Клеопатра резко отдает приказы своей няньке, Фтататите, добавляя, что если она не будет повиноваться, царица бросит ее в Нил. Цезарь возмущен таким поведением своей ученицы. Не прошло и одного дня с тех пор, как Цезарь чуть ли не насильно втащил на трон трепещущую от ужаса перед римлянами Клеопатру, а она уже заявляет ему: «Ты слишком чувствителен. Цезарь. Но ты умный, и если ты будешь делать все, как я тебе говорю, то скоро научишься править» [24].
Клеопатра Шоу – это, прежде всего, истинное дитя Египта, залитого кровью, праздного и кровожадного. А уже потом – детище, произведение рук Цезаря, которое поражает его самого. Конечно, между двумя героями присутствует большая дистанция. Цезарь – завоеватель, у него за плечами блестящая жизнь. А Клеопатра – девочка из царской семьи, привыкшая жить под присмотром взрослых. Не зря Клеопатра, девочка-кошка, считается одним из самых опасных завоеваний Цезаря.

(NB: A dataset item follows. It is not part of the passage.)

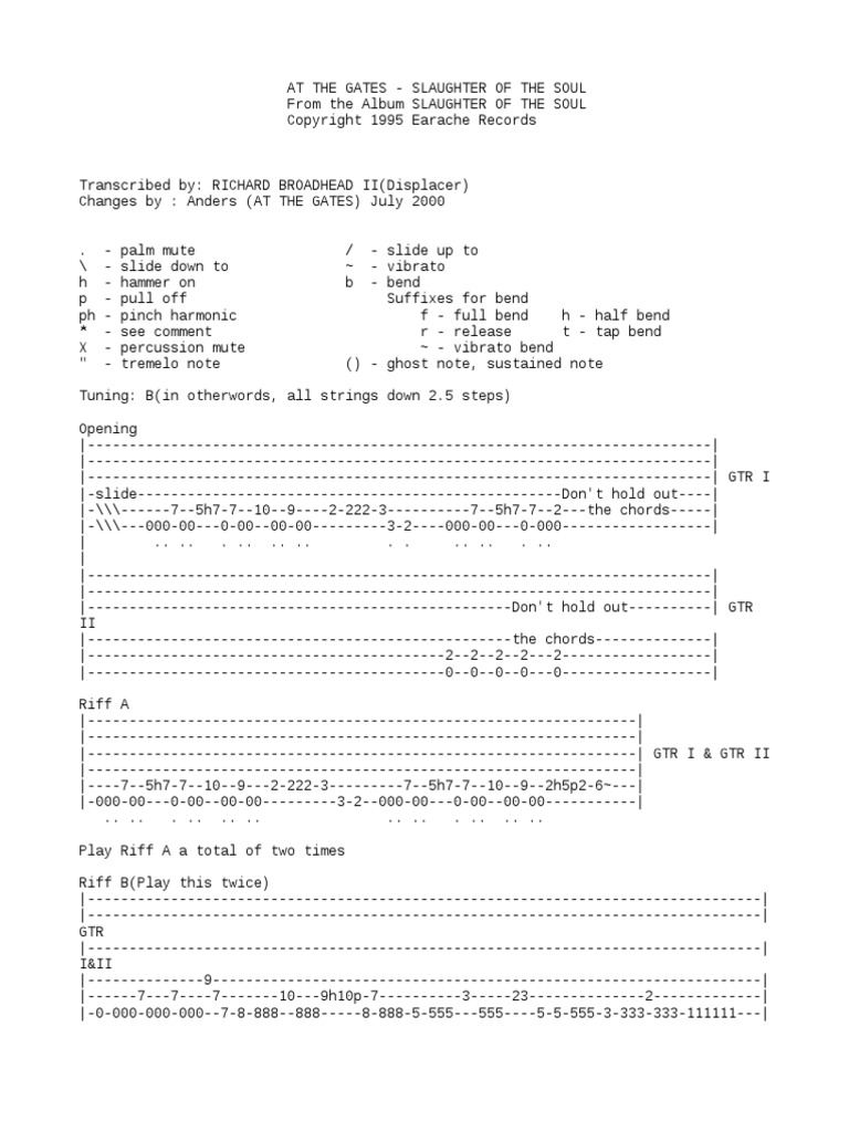 Download original guitar pro tab. Slaughter of the soul tab by at the gates. Slaughter of the soul by at the gates tab different versions chords, tab, tabs. We have an official slaughter of the soul tab made by ug professional guitarists. First of all you can see. Here you can do in two ways. Play along with original audio. We have an official slaughter of the soul tab made by ug professional guitarists. Learn & play tab for bass and percussion with free online tab player, speed control and loop. Choose and determine which version of slaughter of the soul chords and guitar tabs by at the gates you can play.

Клеопатра не верит, что цари должны работать. Ведь ее отец, великий царь Египта, никогда не работал. А когда его сестра восстала против него и захватила его трон, он отрубил ей голову. Эти кровожадные традиции продолжают существовать в Египте, где Птолемей и Клеопатра, родные брат и сестра, и даже муж с женой, желают друг другу только смерти.
Тут же, в Александрии, Клеопатра рассказывает Цезарю о «прекрасном юноше с круглыми сильными руками», который четыре года назад пришел в Египет через пустыни с всадниками и вернул корону ее отцу. Она до сих пор жаждет увидеть его вновь и сделать своим мужем. Но несмотря на это она жалеет Цезаря, когда он отправляется в бой, и просит его остаться. Ведь без него, без своего учителя, она потеряет всю свою власть.
Клеопатра снова становится маленькой девочкой, загорясь желанием плыть на маяк к Цезарю. Но стоило часовому преградить ей дорогу, как она гневно вспыхивает и напоминает, что она царица, и никто не смеет указывать ей, что делать.
Молодая царица готова на все – лишь бы только увидеться с Цезарем. Она забирается в ковер, который везет Апполодор на маяк к Цезарю. Выбравшись из ковра уже на маяке, Клеопатра бросается на грудь Цезарю. Создается впечатление, что Цезарь нисколько не удивлен этой выходкой ребенка-царицы (так называет ее Руфий), тогда как Британ шокирован, а Руфий недоволен, ведь на маяке нет места женщине, а уж тем более ребенку. Клеопатра просит Цезаря не покидать ее. Он отвечает ей, что должен идти в бой наравне с солдатами. Но молодая царица не хочет смерти своего «наставника». «Ну и пусть они погибнут! Ведь это простые солдаты!»[25] - восклицает она. На что Цезарь говорит, что в среди всех его солдат, которые доверили ему свою судьбу, нет ни одного, чья рука была бы ему дороже головы Клеопатры. Услышав это, «Клеопатра уничтожена, глаза ее наполняются слезами»[26]. Ей сложно осознать, что ее жизнь на поле боя мало кому нужна, кроме ее самой. Она почти теряет самообладание, когда вдали показываются вражеские судна, и единственным выходом для нее спастись оказывается прыгнуть в воду вслед за Цезарем.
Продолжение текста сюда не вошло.